■ Instructions for the task ■
Could you transcribe exactly the lines below, from the line with "of the WholeBody" through the line with "Maine is an", and nothing else, leaving out the pictures?

■ Records for processing ■
******************************

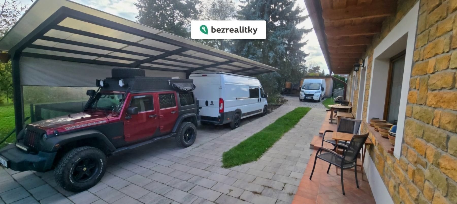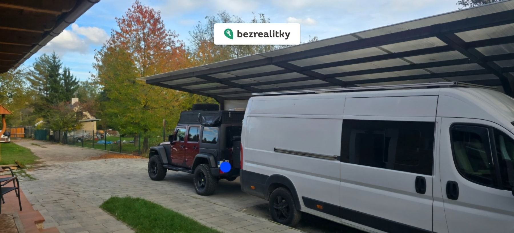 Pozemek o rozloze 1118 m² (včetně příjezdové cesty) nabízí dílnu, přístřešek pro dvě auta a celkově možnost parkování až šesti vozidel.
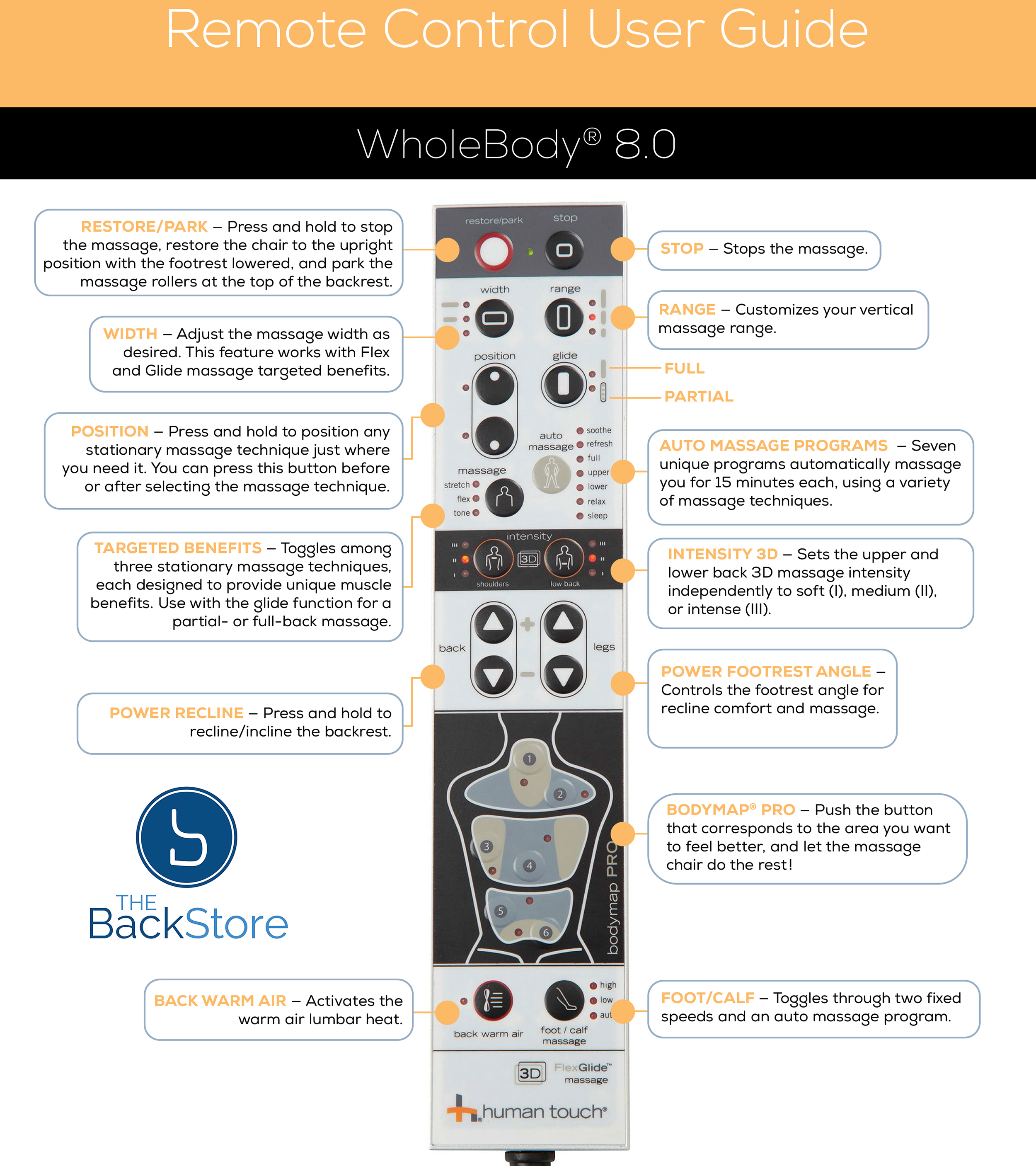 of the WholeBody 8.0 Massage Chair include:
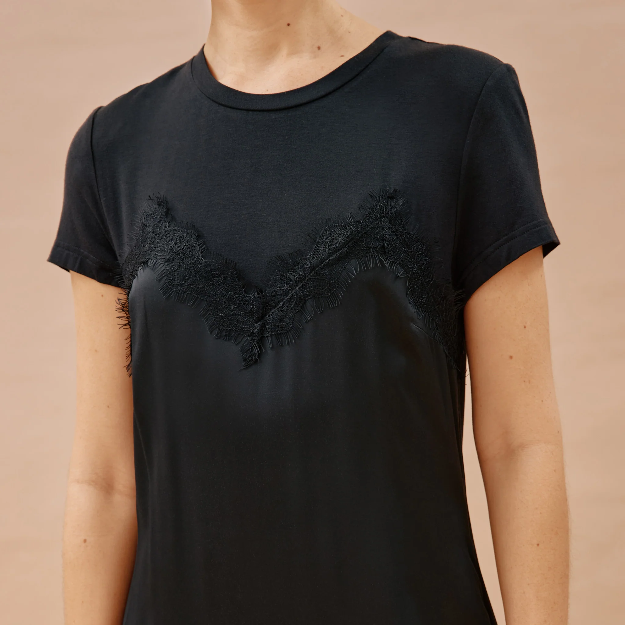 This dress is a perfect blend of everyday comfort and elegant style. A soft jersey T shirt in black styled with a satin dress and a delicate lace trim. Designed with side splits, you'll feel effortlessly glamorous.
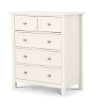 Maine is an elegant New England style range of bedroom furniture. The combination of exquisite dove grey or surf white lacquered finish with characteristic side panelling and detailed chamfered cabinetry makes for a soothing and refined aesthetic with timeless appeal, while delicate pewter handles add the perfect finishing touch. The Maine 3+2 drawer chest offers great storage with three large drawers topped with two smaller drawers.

******************************

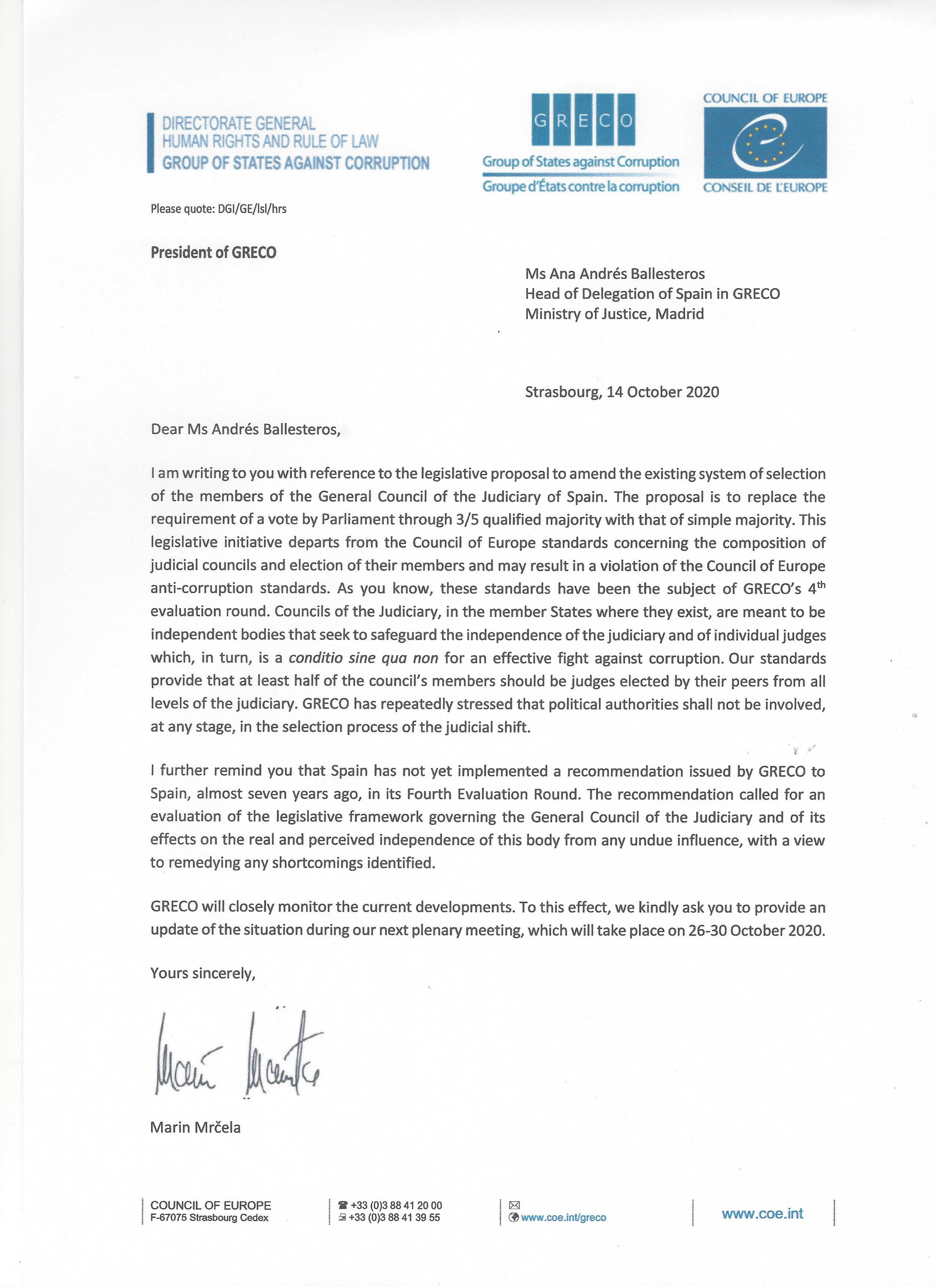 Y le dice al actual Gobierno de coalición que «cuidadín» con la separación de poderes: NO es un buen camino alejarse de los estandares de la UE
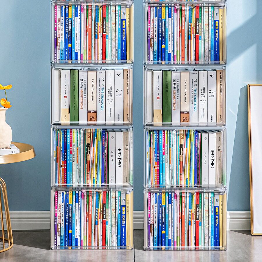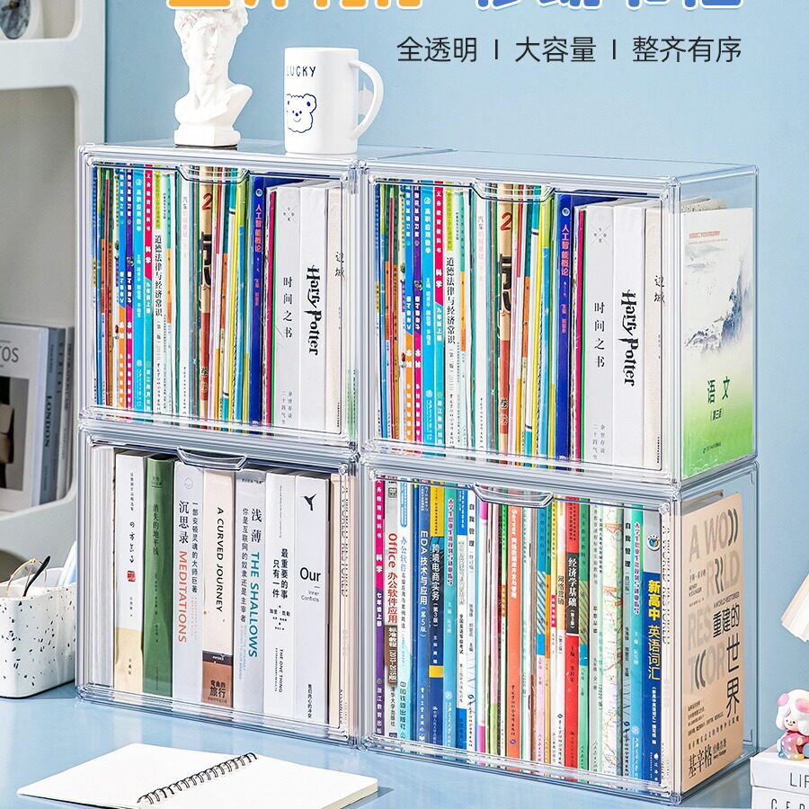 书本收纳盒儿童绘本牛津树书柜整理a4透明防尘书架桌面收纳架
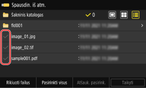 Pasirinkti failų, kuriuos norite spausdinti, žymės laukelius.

******************************

■ Solution for this task ■
 of the WholeBody 8.0 Massage Chair include:
 This dress is a perfect blend of everyday comfort and elegant style. A soft jersey T shirt in black styled with a satin dress and a delicate lace trim. Designed with side splits, you'll feel effortlessly glamorous.
 Maine is an elegant New England style range of bedroom furniture. The combination of exquisite dove grey or surf white lacquered finish with characteristic side panelling and detailed chamfered cabinetry makes for a soothing and refined aesthetic with timeless appeal, while delicate pewter handles add the perfect finishing touch. The Maine 3+2 drawer chest offers great storage with three large drawers topped with two smaller drawers.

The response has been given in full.